Op basis hiervan kan worden geconcludeerd dat het directe geluid van de IJsselhallen geen belemmering vormt voor de toekomstige nieuwbouw.
Ook zijn de maximale geluidsniveaus vanwege de industriële activiteiten beschouwd. De IJsselhallen worden mogelijk beperkt in hun bedrijfsvoering doordat er in de nachtperiode overschrijdingen worden berekend vanwege het vertrekken van personenwagens (dichtslaande portieren).
Het piekgeluid afkomstig van vertrekkende personenwagens kan worden beperkt door het instellen van een niet parkeren gebied aan de zijde van plangebied Irishof voor de nachtperiode. Het houdt concreet in dat er een afstand van 35 meter moet worden aangehouden tot de gevels van de nieuw te projecteren woningen; daarmee wordt voldaan aan de in de voor IJsselhallen verleende milieuvergunning, zoals blijkt uit het akoestisch onderzoek dat als bijlage bij deze toelichting is gevoegd. Aangezien de IJsselhallen hebben ingestemd met deze maatregel en er momenteel een milieuneutrale wijziging van de (omgevings) vergunning van de IJsselhallen wordt voorbereid waarin dit is vastgelegd, is voldoende gewaarborgd dat de niet parkeren zone wordt gerealiseerd voor aanvang van de daadwerkelijke start woningbouw.

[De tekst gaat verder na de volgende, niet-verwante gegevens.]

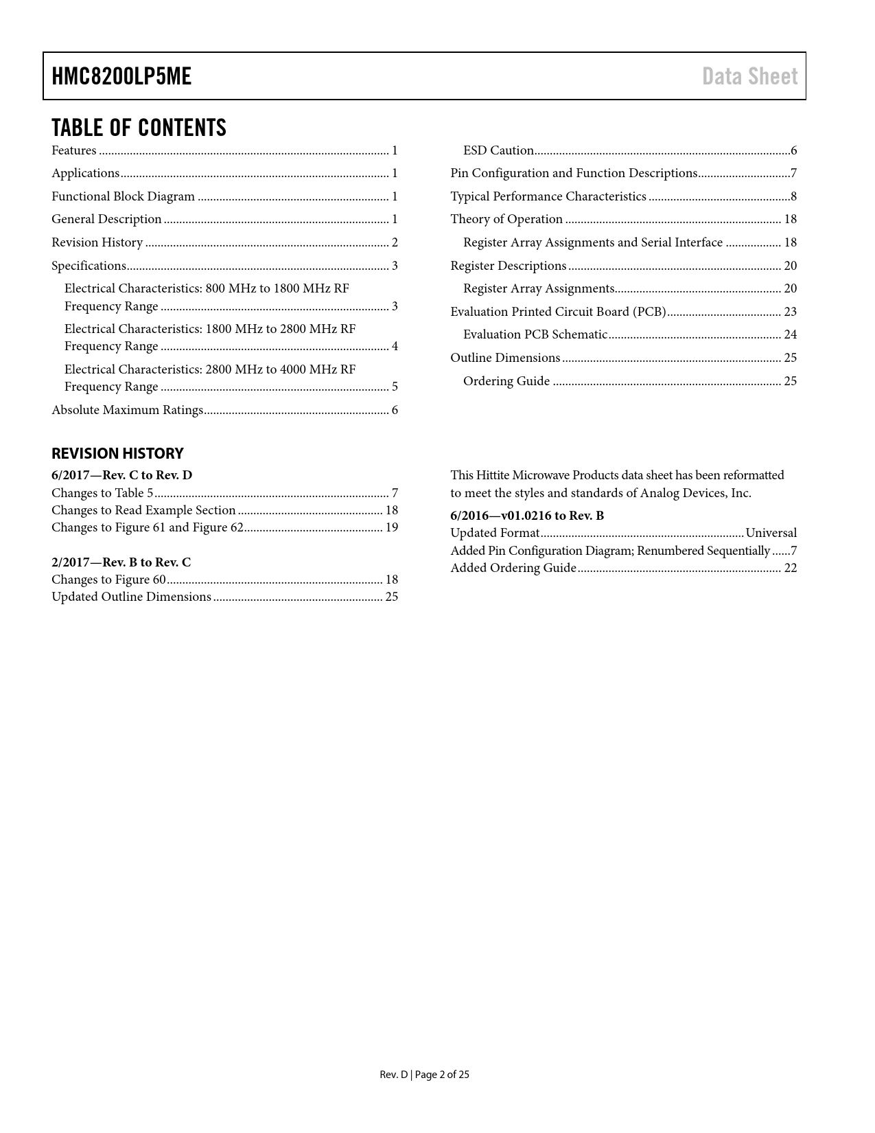 link to page 1 link to page 1 link to page 1 link to page 1 link to page 2 link to page 3 link to page 3 link to page 3 link to page 4 link to page 4 link to page 5 link to page 5 link to page 6 link to page 6 link to page 7 link to page 8 link to page 18 link to page 18 link to page 20 link to page 20 link to page 23 link to page 24 link to page 25 link to page 25 HMC8200LP5MEData SheetTABLE OF CONTENTS Features .. 1 ESD Caution...6 Applications ... 1 Pin Configuration and Function Descriptions ..7 Functional Block Diagram .. 1 Typical Performance Characteristics ..8 General Description ... 1 Theory of Operation .. 18 Revision History ... 2 Register Array Assignments and Serial Interface .. 18 Specifications ... 3 Register Descriptions ... 20 Electrical Characteristics: 800 MHz to 1800 MHz RF Register Array Assignments.. 20 Frequency Range .. 3 Evaluation Printed Circuit Board (PCB) ... 23 Electrical Characteristics: 1800 MHz to 2800 MHz RF Evaluation PCB Schematic .. 24 Frequency Range .. 4 Outline Dimensions ... 25 Electrical Characteristics: 2800 MHz to 4000 MHz RF Frequency Range .. 5 Ordering Guide .. 25 Absolute Maximum Ratings .. 6 REVISION HISTORY 6/2017—Rev. C to Rev. D This Hittite Microwave Products data sheet has been reformatted Changes to Table 5 .. 7 to meet the styles and standards of Analog Devices, Inc. Changes to Read Example Section ... 18 6/2016—v01.0216 to Rev. B Changes to Figure 61 and Figure 62 ... 19 Updated Format .. Universal Added Pin Configuration Diagram; Renumbered Sequentially .. 7 2/2017—Rev. B to Rev. C Added Ordering Guide .. 22 Changes to Figure 60 .. 18 Updated Outline Dimensions ... 25 Rev. D | Page 2 of 25 Document Outline Features Applications Functional Block Diagram General Description Revision History Specifications Electrical Characteristics: 800 MHz to 1800 MHz RF Frequency Range Electrical Characteristics: 1800 MHz to 2800 MHz RF Frequency Range Electrical Characteristics: 2800 MHz to 4000 MHz RF Frequency Range Absolute Maximum Ratings ESD Caution Pin Configuration and Function Descriptions Typical Performance Characteristics Theory of Operation Register Array Assignments and Serial Interface Read Example Register Descriptions Register Array Assignments Enable Bits Digital Gain Amplifier: DGA Control Digital Gain Amplifier: Amplifier Current, Envelope Level, and VGA Attenuation Bias Image Reject Mixer: Sideband, and Polarity and Offset for I Image Reject Mixer: Polarity and Offset for Q Phase I: Adjust Phase Q: Adjust Evaluation Printed Circuit Board (PCB) Evaluation PCB Schematic Outline Dimensions Ordering Guide

Ook vanwege het spoorwegemplacement worden piekgeluidsniveaus berekend die hoger zijn dan de grenswaarden uit de handreiking industrielawaai en vergunningverlening. Echter voor het spoorwegemplacement geldt dat piekgeluidsniveaus niet behoeven te worden beoordeeld vanuit de milieuvergunning. Om een binnenwaarde van 45 dB(A) etmaalwaarde te waarborgen, is er minimaal 30 dB(A) geluidwering nodig. Hier wordt bij de uitvoering van het plan rekening mee gehouden.
In bijlage 5 van het akoestisch onderzoek is de onderbouwing weergegeven op grond waarvan deze niveaus worden toegestaan. De maatregelen die uitgevoerd worden op grond van de Wet geluidhinder en het bouwbesluit, te weten geluidwering voor wegverkeer, railverkeer en industrielawaai (gezoneerd), dragen overigens ook bij aan een goed geluidklimaat binnen de woningen voor zover deze beïnvloed zou worden vanwege de bronnen van de IJsselhallen.
De beoogde planontwikkeling binnen het plangebied is de realisatie van woningen. Aan de Veemarktzijde van het plangebied liggen de IJsselhallen. Deze zijn omringd door een parkeerterrein voor de bezoekers. Om in de avonduren voor de bezoekers een sociaal veilig gevoel te creëren, is dit parkeerterrein voorzien van lichtmasten. Met het oog daarop is een onderzoek inzake lichthinder uitgevoerd (zie Bijlage 6 Lichthinder onderzoek).
In het lichtberekeningsprogramma Dialux (versie 4.8) is de toekomstige situatie gemodelleerd met daarbij de lichtmasten van het terrein van de IJsselhallen. Uit de berekening kan bekeken worden of op de gevel van de toekomstige woningen de lichthinder verlichtingssterkte wordt overschreden.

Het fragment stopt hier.